Recep Çetin, Milli Savunma Bakanlığı ve Genelkurmay Başkanlığı ile yaptığı yazışmalar sonunda, Şaban Kalmaz'ın babası Osman Kalmaz ile ilgili Zayiat Kayıt Belgesi'ne ulaştı.  Çetin, belgeye göre Osman Kalmaz'ın 17 Ağustos 1331'de (1915) 27 yaşındayken Musul Hastanesi'nde kangrenden öldüğünü söyledi. Recep Çetin, 'Künye Kayıt Belgesi'nde de Osman Kalmaz'ın 1914'te 7'nci alay askeri olarak silah altına alındığı ve 'harb-i umumide gaib' (savaş kaybı-şehidi) bilgisinin yer aldığını belirtti. Çetin, şunları kaydetti:

"Şaban Dede'nin babası Osman Kalmaz, 1915'te Musul'da bir hastanede kangrenden vefat etmiş, şehit olmuş. Doğal olarak biz bu belgeyi aldıktan sonra hemen Şaban dedenin ekonomik durumunu da değerlendirerek Sosyal Güvenlik Kurumu'na yazı yazdık. Şaban dedeye, babasının şehit olması nedeniyle maaş bağlanmasını talep ettik. Yaklaşık 1 yıldır bu çalışmayı sürdürüyoruz. Şu anda maaş bağlanma aşamasına gelindi. Bir evrak eksikliğimiz vardı. Onu da dün yaptığımız çalışmalar neticesinde giderdik. Herhalde 1- 2 hafta içersinde netliğe kavuşacak. Nasip olursa Şaban Dede'ye maaş bağlanacak."

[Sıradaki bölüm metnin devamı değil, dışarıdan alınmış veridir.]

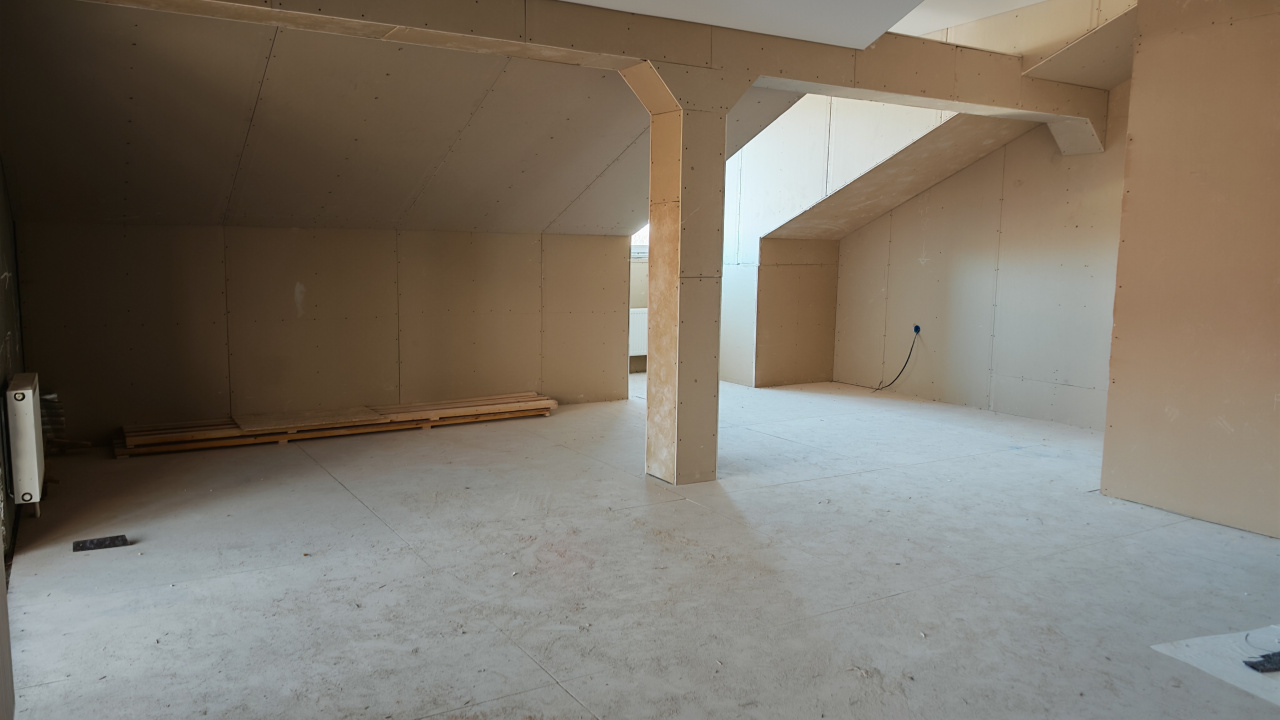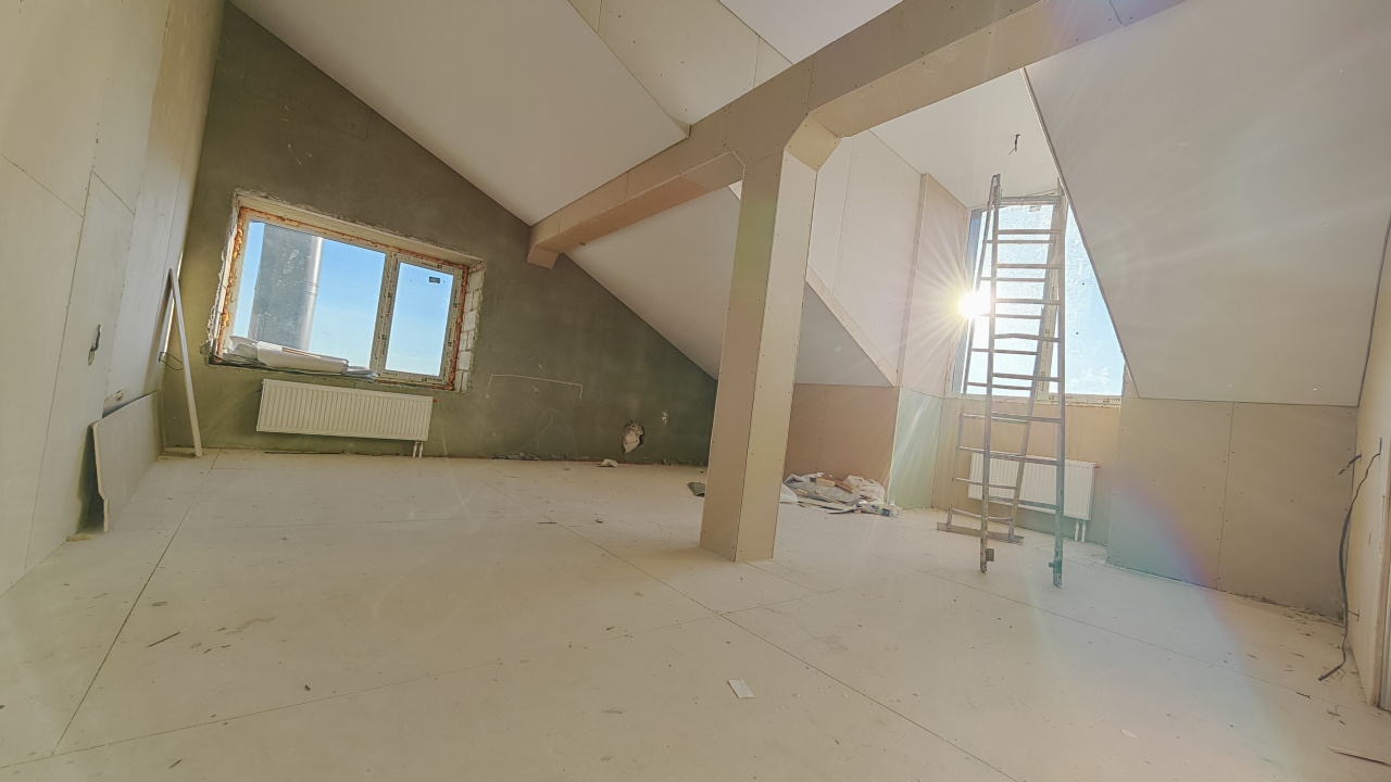 Квартира с большой прихожей с просторным раздельным сан узлом, комната студия + большое помещение под нишей крыши.

Yıllar sonra maaş alabileceği bilgisini, kendisini ziyaret eden Recep Çetin'den öğrenen 7 çocuk 19 torun sahibi Şaban Kalmaz, "Ben Atatürk'ün tabutunda nöbet tuttum. Ama benim hakkımı, hukukumu arayan, soran hiç olmadı. Babamın şehit olduğunu belgeleyen, bana maaş bağlanması için uzun zamandır uğraşan öğretmene teşekkür ediyorum" dedi.